These are OR scrubs.
Currently playing: Quarashi - Jinx
The deal is done. Papers have been signed, handshakes exchanged, harrumphs harrumphed, and now, the joyous celebration can begin. The house is sold. And to celebrate, the Madre and the Red Baron have already found a house up North Georgia way, and are busily signing a new round of papers as I type away. Congratulations, you two.
Another round of congratulations to John and Sara, who got engaged while on their trip to Ireland recently. That’s right ladies, Mr. John Brogan is now off the market - and please, don’t deluge me with e-mail about how suicidal about it you are about it. I am not the Lord of Broken Hearts (obviously), so there’s not really a whole lot I can do for you, unless it involves a cheap, meaningless weekend in a hotel. But I digress. Never in my life have I met two people more suited for each other (so suitable it’s downright sickening), and I wish them all the best.
I got fed up with the three stupid chat programs I have installed. AIM, ICQ, MSN, different friends on different chat programs. Feh. So, I’ve decided to scrap them all, and go with Trillian. Named for a character in one of my favorite books of all time, Trillian is not just a chat program - oh, no - it’s a META chat program, that can interface into all the popular chat programs, and put all your friends in one easy-to-use window. Pure genius. And it’s free! So, go get yourself a copy, drop a couple of bucks their way, and enjoy. And maybe, just maybe, if you’re lucky, I’ll tell you my IM name. Someday.

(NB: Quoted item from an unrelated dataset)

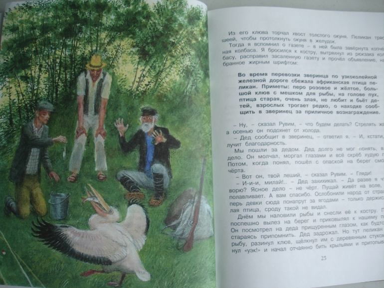 Рассказ "Резиновая лодка" позволяет опять встретиться с "дядей Костей", "дядей Рувимом" и мальчиком, который сопровождает их во всех их путешествиях. Смешной и одновременно трогательный рассказ, как щенок сгрыз пробку на резиновой лодке, был за это наказан, но прощён за необычайную преданность. Этот рассказ сыну не очень понравился из-за вандализма над лодкой, которого он не приемлет :) Но, думаю, мы к нему обязательно вернёмся чуть позже.

My neighbor’s moved out today. They just got here a few months ago, a nice young couple. Seems they were just here until work could be completed on their house. Gets me thinking, especially with my parents now moved, and two of my cousins moving, about home ownership. A spot of earth to call my own, one that no man can take from me. Unless they need to pave a highway through it. Of course, all this seems great in theory. Then you take two facts into consideration:
- My credit resembles the union of two railroad trains. Head on.
- I would have to tend to a yard.
The first one can be overcome. The second one is not so easy. You see, I have a problem with plants and plantlife. Some people have a green thumb; I, however, was graced with a black thumb. Plants wilt at my touch, trees decay as I pass. Hell, I can kill mildew in my shower just by treating it like a ficus. So it would only be a matter of time before I completely destroyed my yard, turning it into a barren wasteland.
And let’s not forget Robby. He’s been dying to create a secret underground lair, ala Dexter. I’m afraid he’d start drilling into the neighbor’s pool if he wasn’t careful.
* Don’t you worry your pretty little head about the neighbors. I have a feeling that the business end of my new attitude adjuster will fix THEIR little doomed red wagon. *
Not another raygun. For crying out loud. Have you learned nothing? Did all those whip-its you did following the Dead permanently scramble you memory?
* Bah! Those were temporary setbacks! This new weapon will strike terror into the hearts and minds of the strongest hu-mans. Behold! *
That…that looks like…is that…a halibut?
* Wrong hand. *
Whoops. Oh, THAT. I thought that was the blender.
* No, you idiot. This is my Will-Zapper. It turns the target into a mindless automaton, subject to my every command! *
You’re kidding. That can’t possibly be right! How does it work?
* The hu-man, when hit with the mind-numbing capabilites of the Will-Zapper, is immediately exposed to a force equivalent to watching every show created by Aaron Spelling simultaneously. I call it - the 90210 Effect! This effect completely destroys the cognitave capacity of the hu-man mind, reducing it to mush, and malleable to my will. Soon, I Robby the Robot, shall triumph over these foolish hu-mans! *
Good Lord *choke*. You might be on to something.